[Prompt]: Print all records exactly, pictures left out.

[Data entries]
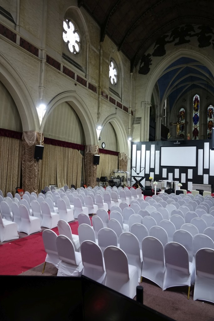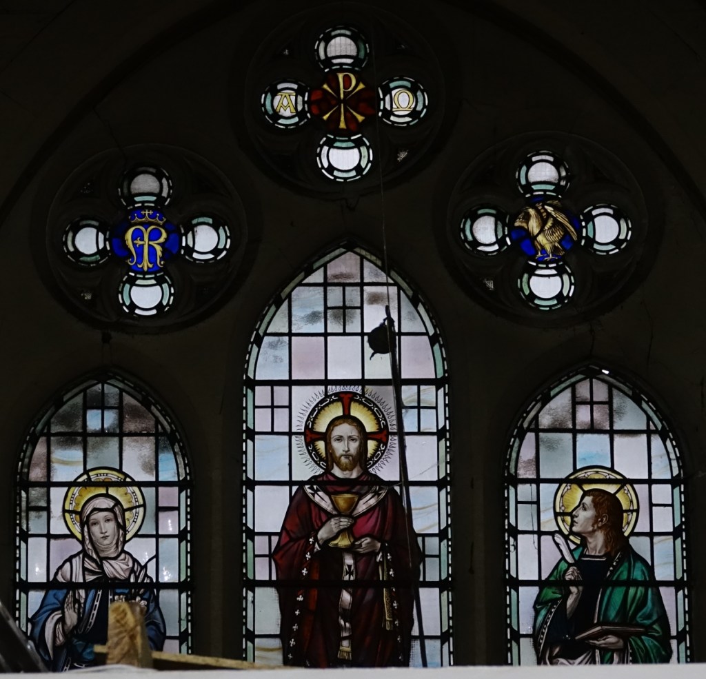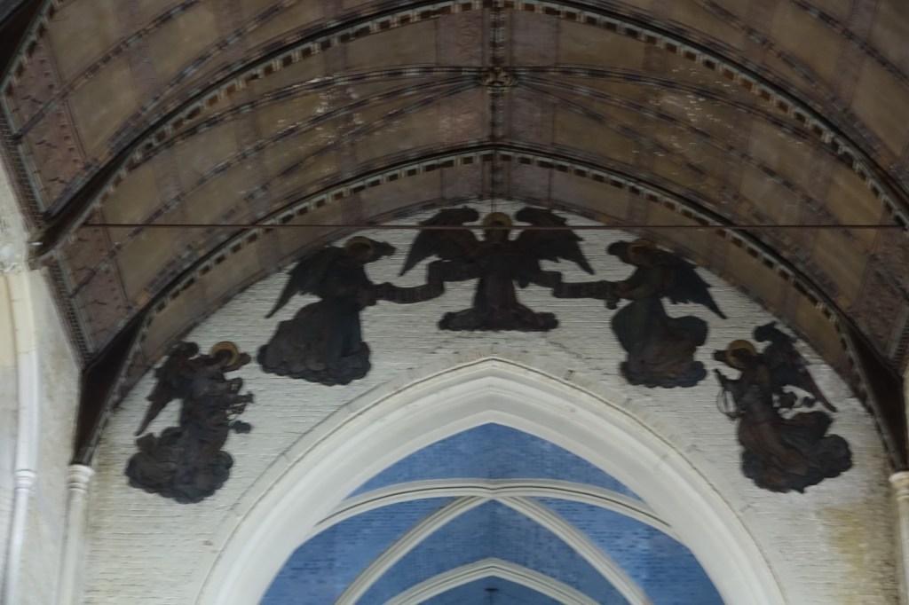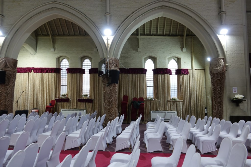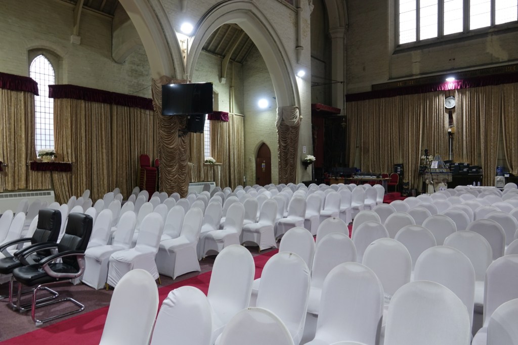 Sold in 2014 to a Ghanaian church called Church of the Pentecost UK. It stands high above Woolwich Dockyard station, the chancel is by J.W. Walters dating from 1875 to which the large nave was added in 1887-1889 by William Butterfield. In 1955 Thomas F. Ford added an aisle and a transept. Inside the chancel has been blocked off to create an office and storage area, but wall decoration and screens are intact behind the wall. I suspect there is a reredos, too but it was inaccessible on my visit.
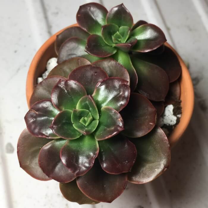 This striking Echeveria begins as vibrant green and slowly darkens into deep chocolate brown or black. It thrives in bright but indirect sunlight.
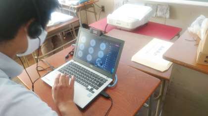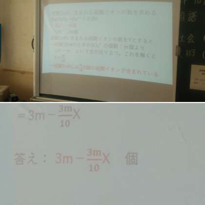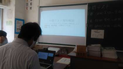 午後からは、3年生で「オンライン授業」を試みてみました。中間テストの理科のやや難しい問題を先生が、パワーポイントの内容(画面)をオンラインにのせてみなさんに解説しました。
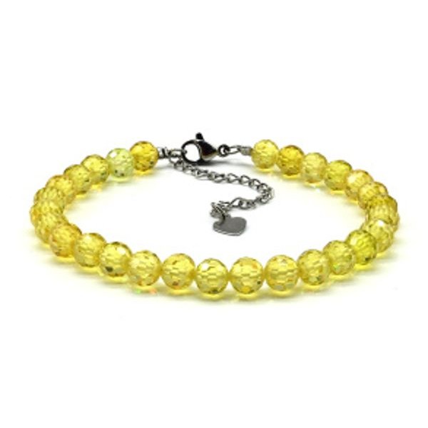 Браслет из фианитов шарик гр.6мм цвет желтый, 18см (иск.)
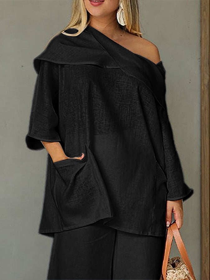 Women's Casual Solid Color Long Sleeve Cotton and Linen Top
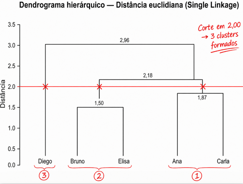 Ligação Simples (Single Linkage)/(vizinho mais próximo): Define a distância entre dois clusters como a menor distância entre qualquer ponto do primeiro cluster e qualquer ponto do segundo cluster.
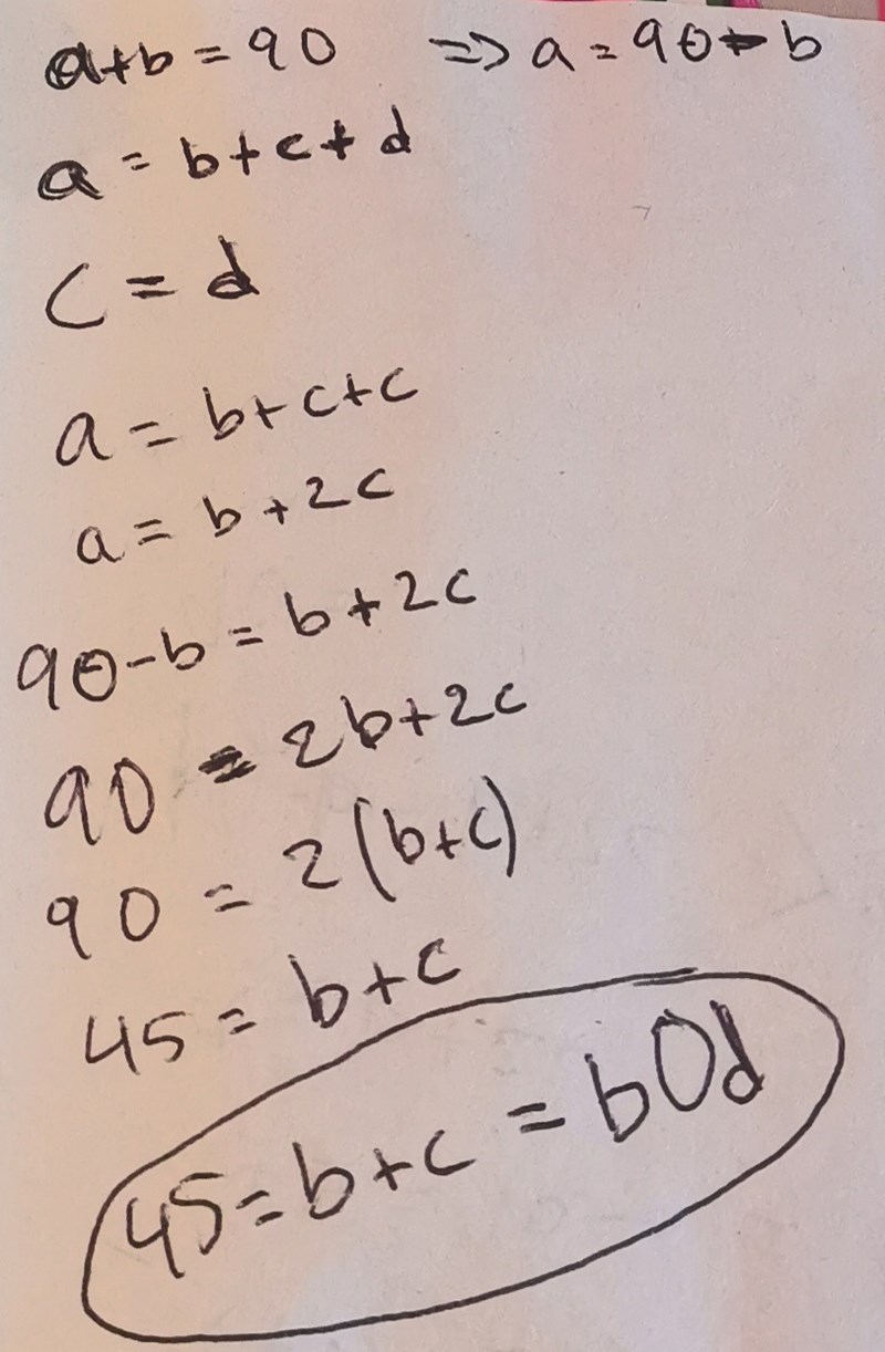 Oj, jag upptäckte att jag har skrivit fel! Andra raden skall vara a + b = 90 (inte a+c).

[Answer for the task]:
 Sold in 2014 to a Ghanaian church called Church of the Pentecost UK. It stands high above Woolwich Dockyard station, the chancel is by J.W. Walters dating from 1875 to which the large nave was added in 1887-1889 by William Butterfield. In 1955 Thomas F. Ford added an aisle and a transept. Inside the chancel has been blocked off to create an office and storage area, but wall decoration and screens are intact behind the wall. I suspect there is a reredos, too but it was inaccessible on my visit.
 This striking Echeveria begins as vibrant green and slowly darkens into deep chocolate brown or black. It thrives in bright but indirect sunlight.
 午後からは、3年生で「オンライン授業」を試みてみました。中間テストの理科のやや難しい問題を先生が、パワーポイントの内容(画面)をオンラインにのせてみなさんに解説しました。
 Браслет из фианитов шарик гр.6мм цвет желтый, 18см (иск.)
 Women's Casual Solid Color Long Sleeve Cotton and Linen Top
 Ligação Simples (Single Linkage)/(vizinho mais próximo): Define a distância entre dois clusters como a menor distância entre qualquer ponto do primeiro cluster e qualquer ponto do segundo cluster.
 Oj, jag upptäckte att jag har skrivit fel! Andra raden skall vara a + b = 90 (inte a+c).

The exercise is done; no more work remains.